Records from a dataset
BEGIN
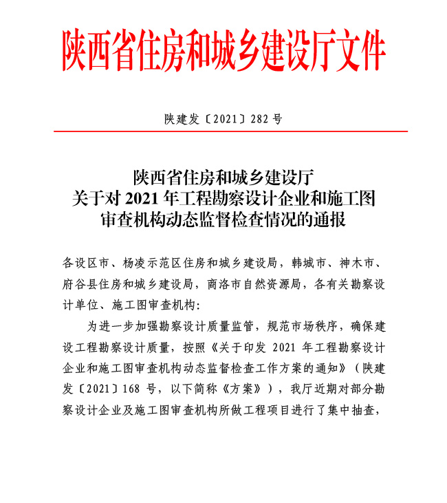 關(guān)于2021年工程勘察設(shè)計企業(yè)和施工圖審查機構(gòu)動態(tài)監(jiān)督檢查情況的通報
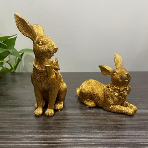 Pièces de décoration saisonnière personnalisée pour les fêtes Figurine de lapin doré en résine Ensembles de deux lapins de Pâques
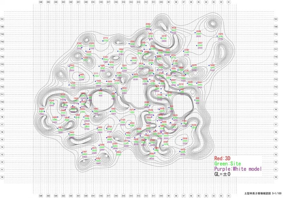 施工人员将经过无数次修改的体量模型转换为三维数据,利用导航系统确定出打桩点。施工人员不断确认桩柱的位置和形状,并辅助以人工挖洞来保证精确程度。
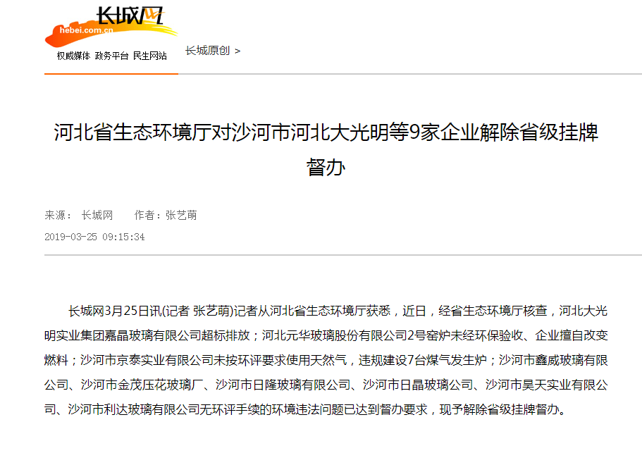 长城网3月25日讯(记者 张艺萌)记者从杏彩(中国)官方网站 获悉,近日,经杏彩(中国)官方网站 核查,河北大光明实业集团嘉晶玻璃有限公司超标排放;河北元华玻璃股份有限公司2号窑炉未经环保验收、企业擅自改变燃料;沙河市京泰实业有限公司未按环评要求使用天然气,违规建设7台煤气发生炉;沙河市鑫威玻璃有限公司、沙河市金茂压花玻璃厂、沙河市日隆玻璃有限公司、沙河市日晶玻璃公司、沙河市昊天实业有限公司、沙河市利达玻璃有限公司无环评手续的环境违法问题已达到督办要求,现予解除省级挂牌督办。
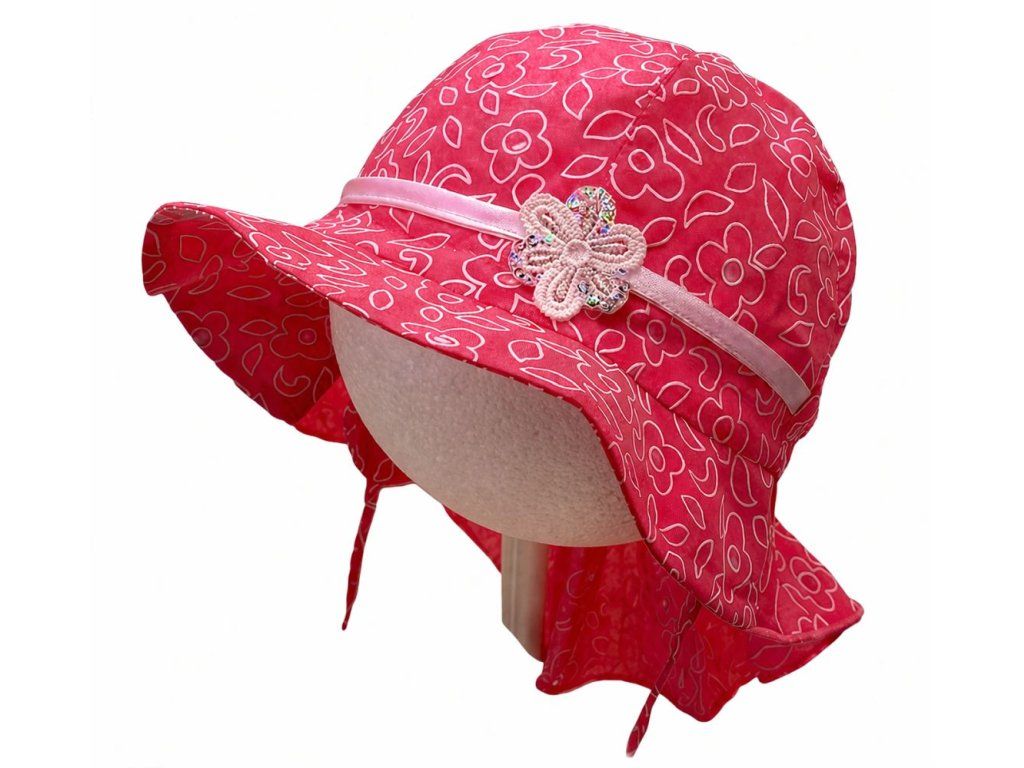 Letní dívčí klobouček z bavlněného plátna, potištěného květy. Klobouček je opatřený klapkami na ouška se šňůrkami.
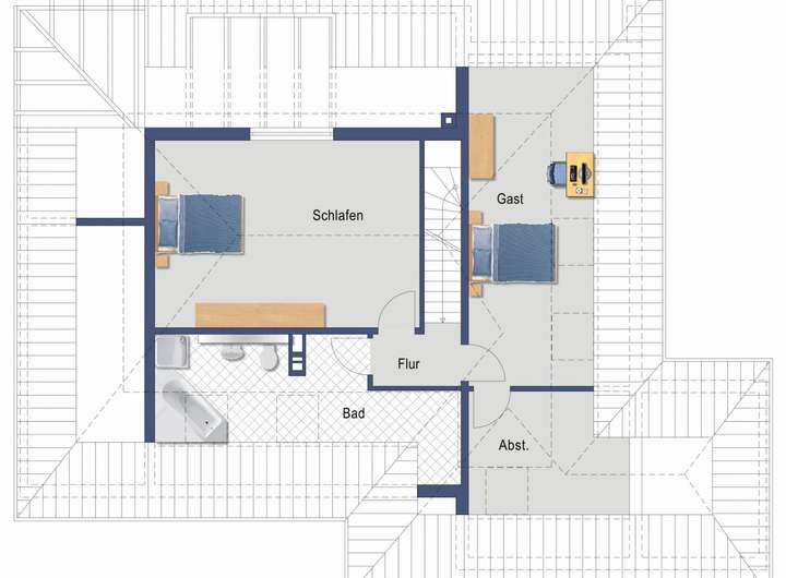 Dach einschl. Dachstuhl komplett neu (Eindeckung: Tonpfannen seidenmatt glänzend)
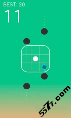 游戏以竖版平面的形式展现给大家,在一个单色彩的背景中会看到白色边框的九宫格,然后会有很多黑色的圆点从四面八方经过,而我们的目的就是在保证白色圆点不被黑色圆点撞到的情况下去收集九宫格里面的方块宝石。游戏的画面非常单纯,除了偶尔变换整体颜色的背景之外,就是一成不变的黑白圆点在九宫格的交锋了,单论视觉效果不能给玩家太多的冲击性,休闲意味倒是蛮足的。
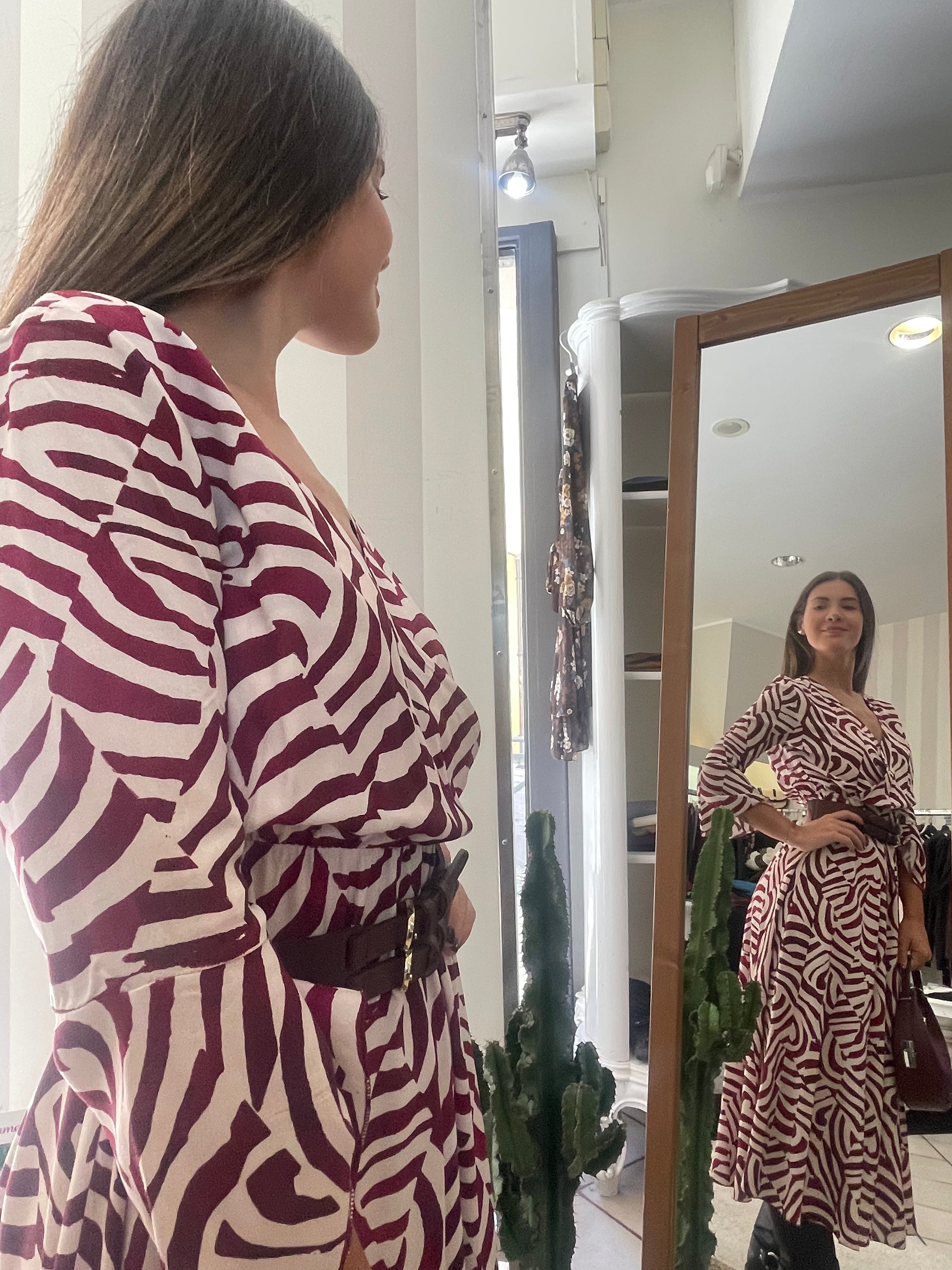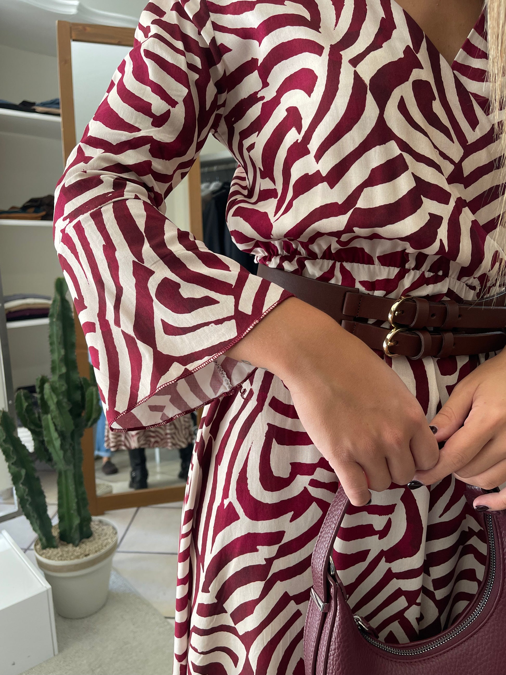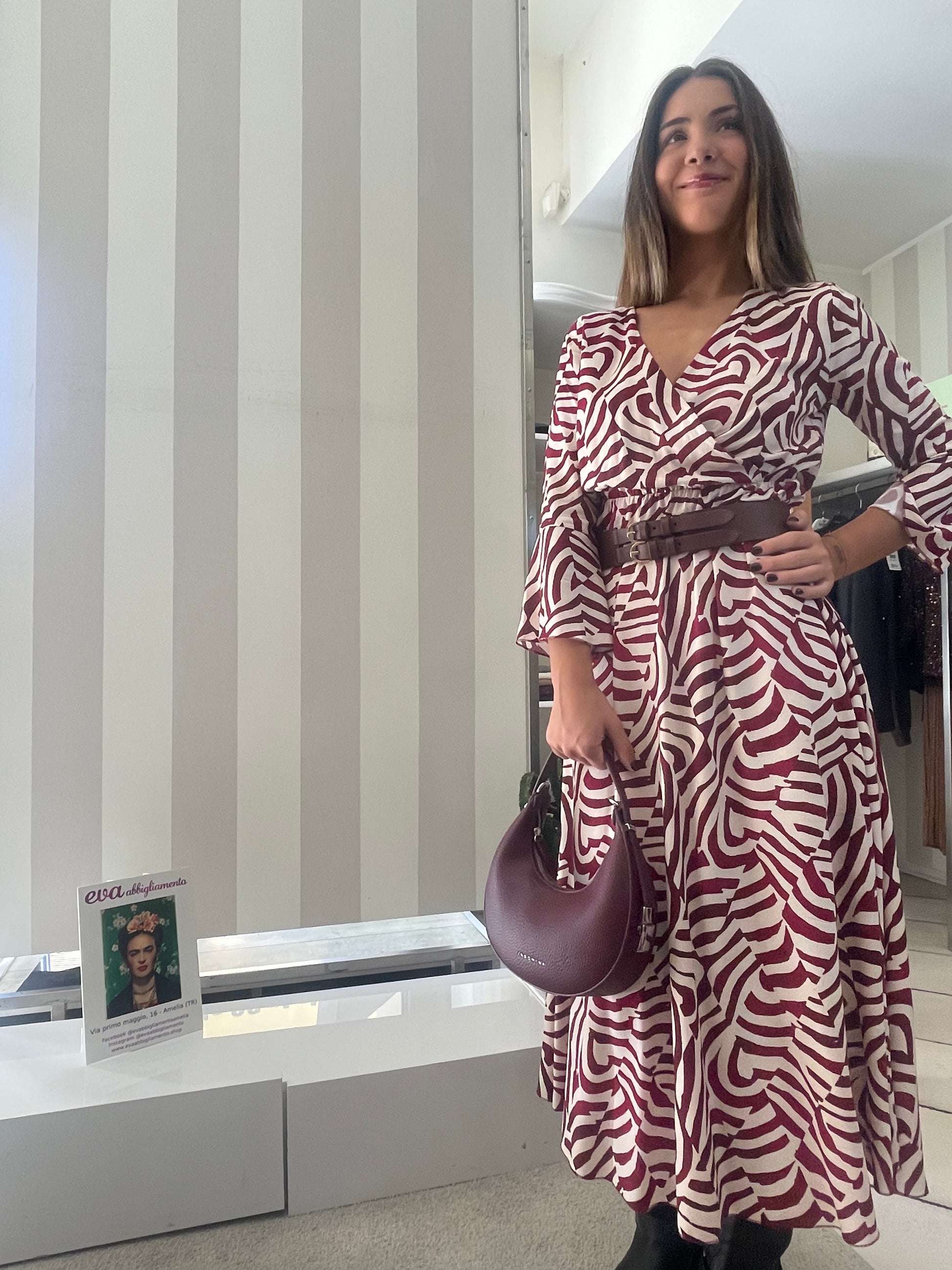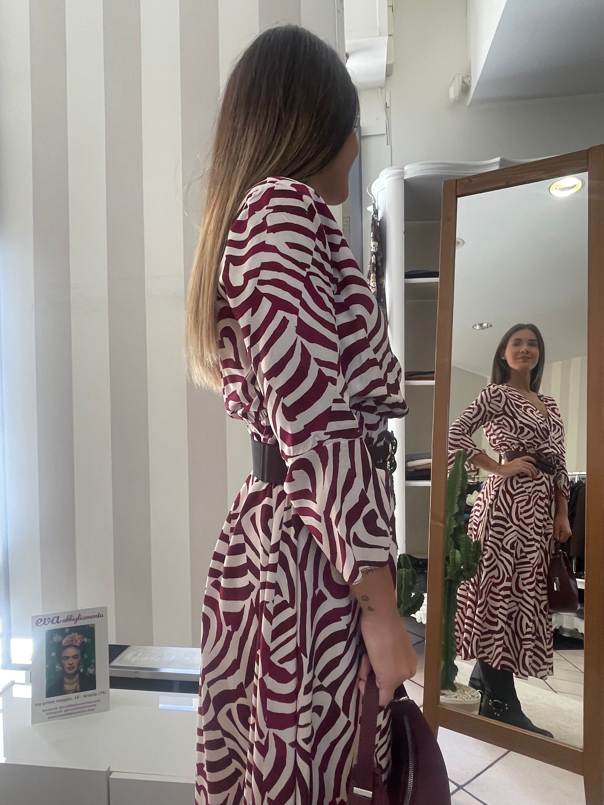 Descrizione: Abito lungo a fantasia, con manica 3/4, gonna ampia e cintura in vita.
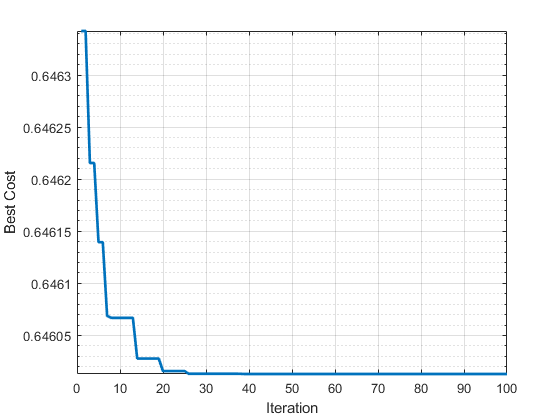 该文件中采用的混合ABC-PSO算法是为快速收敛而设计的,仅在10到40次迭代中获得了最佳结果。它显示了IEEE 14总线系统的100%成功率,并且每次迭代的平均计算时间仅为0.041秒,表现优于其他五种基准优化技术。
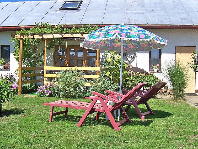 2-pokojový dům 56 m2. Účelné a pěkné zařízení: obývací pokoj/jídelna s krbová kamna, TV-satelit a rádio. Vstup na zahradu, k bazénu. Kuchyňský kout u vstupu (4 plotýnky, malá trouba, mikrovlnka, mraznička, gril, elektrický kávovar). Sprcha/WC. E-topení. V horním patře: (přikré schodiště) 2× zkosený pokoj, v kazdem pokoji s 2× lůžko. Parkování. Pozor prosím: nekuřácký dům. Schody do patra jsou hodně příkré a točité. Stropy v prvním patře jsou silně zkosené.
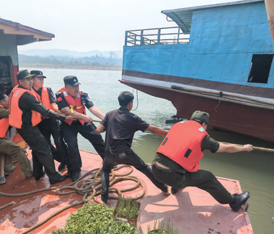 中老執(zhí)法人員在湄公河上對(duì)商船開展聯(lián)合檢查。
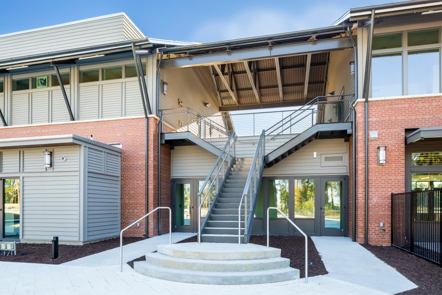 The complex stands two stories tall, with a combination of brick and fiber-cement siding exteriors and aluminum storefronts that provide a sleek yet sturdy exterior. Additionally, Thermory wood screening was installed around the east staircase, deck, and terrace. Thermory wood has been, as the name suggests, “thermally” modified to withstand incredible amounts of moisture and offer resistance against rot for more than 25 years, providing owners with attractive wood furnishings for years to come. Ornamental cable rails are used for all exterior patios and stairways and topping off the structure is a standing-seam metal roof, giving the complex a modern rustic look that flatters the surrounding scenery.
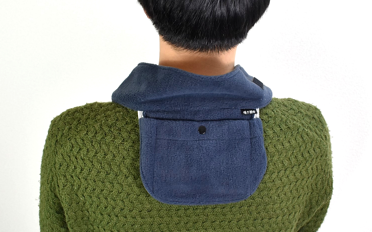 ポケットの裏地には遠赤外線放射性生地が使用されていて、カイロとの相乗効果で暖かさがアップする仕組み。服の上からでも十分熱を感じ、カイロが当たっていない部分までポカポカしてきました。ちなみに首の裏側から下の部分には「大椎」「風門」といったツボがあり、ここを暖めるだけで体に広く熱が伝わるという効果も。熱くなってきたらマジックテープを緩めれば、気軽に温度調節が可能ですよ。
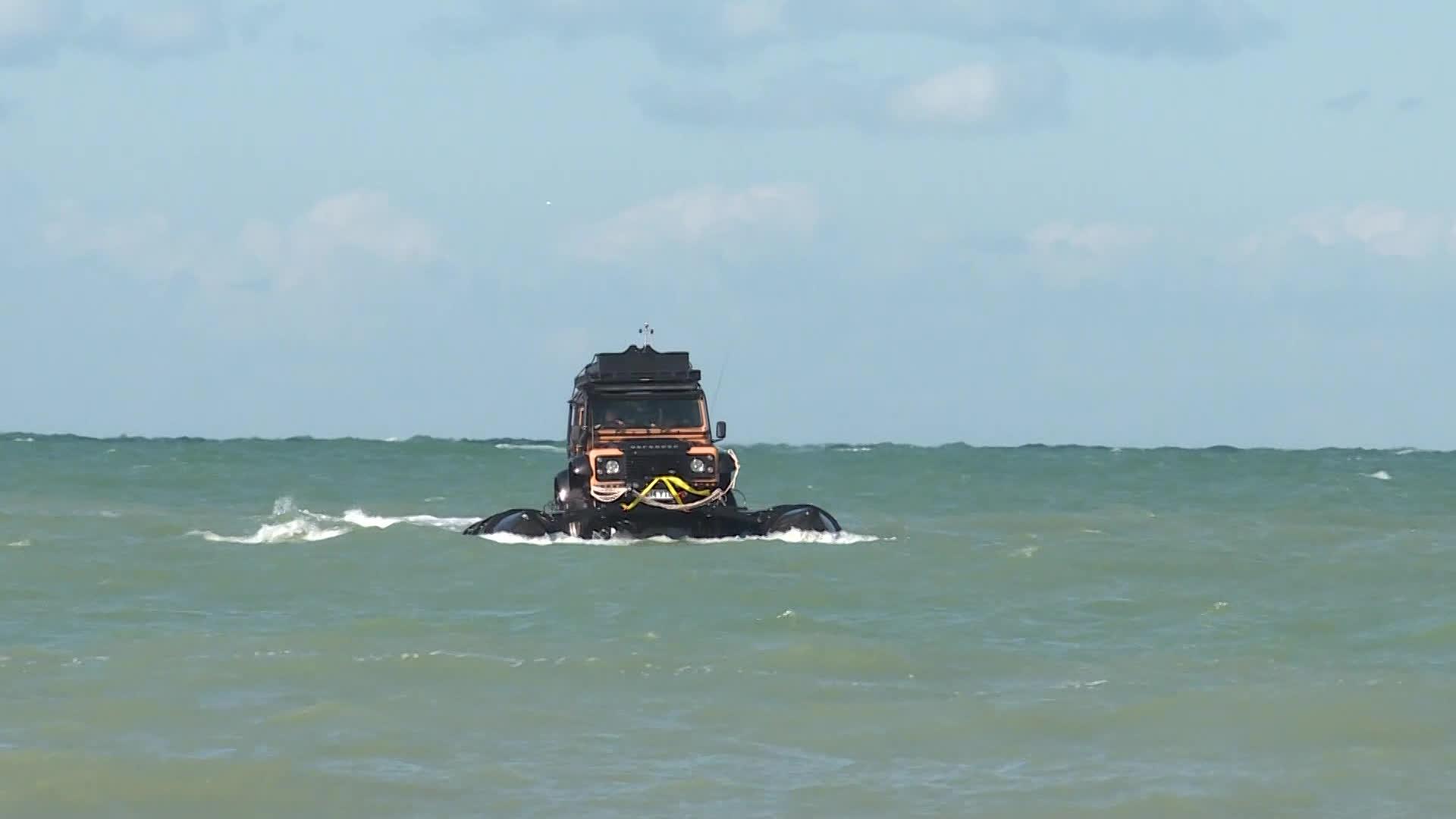 Trois Anglais Jeff Willner, Steve Brooks et Mikael Strandberg ont traversé ce samedi 23 septembre la Manche sur deux véhicules amphibies pour rejoindre Sangatte, depuis Douvres. Partis à 11h00, heure française, ils sont arrivés à Sangatte à 15h00. Spectacle garanti.
END
§ Work request: Repeat exactly the lines above, from the line that contains "Descrizione: Abito lungo" down through the line that contains "中老執(zhí)法人員在湄公河上對(duì)商船開展聯(lián)合檢查。". Include both of those lines and none of the pictures.

§ Exercise result:
 Descrizione: Abito lungo a fantasia, con manica 3/4, gonna ampia e cintura in vita.
 该文件中采用的混合ABC-PSO算法是为快速收敛而设计的,仅在10到40次迭代中获得了最佳结果。它显示了IEEE 14总线系统的100%成功率,并且每次迭代的平均计算时间仅为0.041秒,表现优于其他五种基准优化技术。
 2-pokojový dům 56 m2. Účelné a pěkné zařízení: obývací pokoj/jídelna s krbová kamna, TV-satelit a rádio. Vstup na zahradu, k bazénu. Kuchyňský kout u vstupu (4 plotýnky, malá trouba, mikrovlnka, mraznička, gril, elektrický kávovar). Sprcha/WC. E-topení. V horním patře: (přikré schodiště) 2× zkosený pokoj, v kazdem pokoji s 2× lůžko. Parkování. Pozor prosím: nekuřácký dům. Schody do patra jsou hodně příkré a točité. Stropy v prvním patře jsou silně zkosené.
 中老執(zhí)法人員在湄公河上對(duì)商船開展聯(lián)合檢查。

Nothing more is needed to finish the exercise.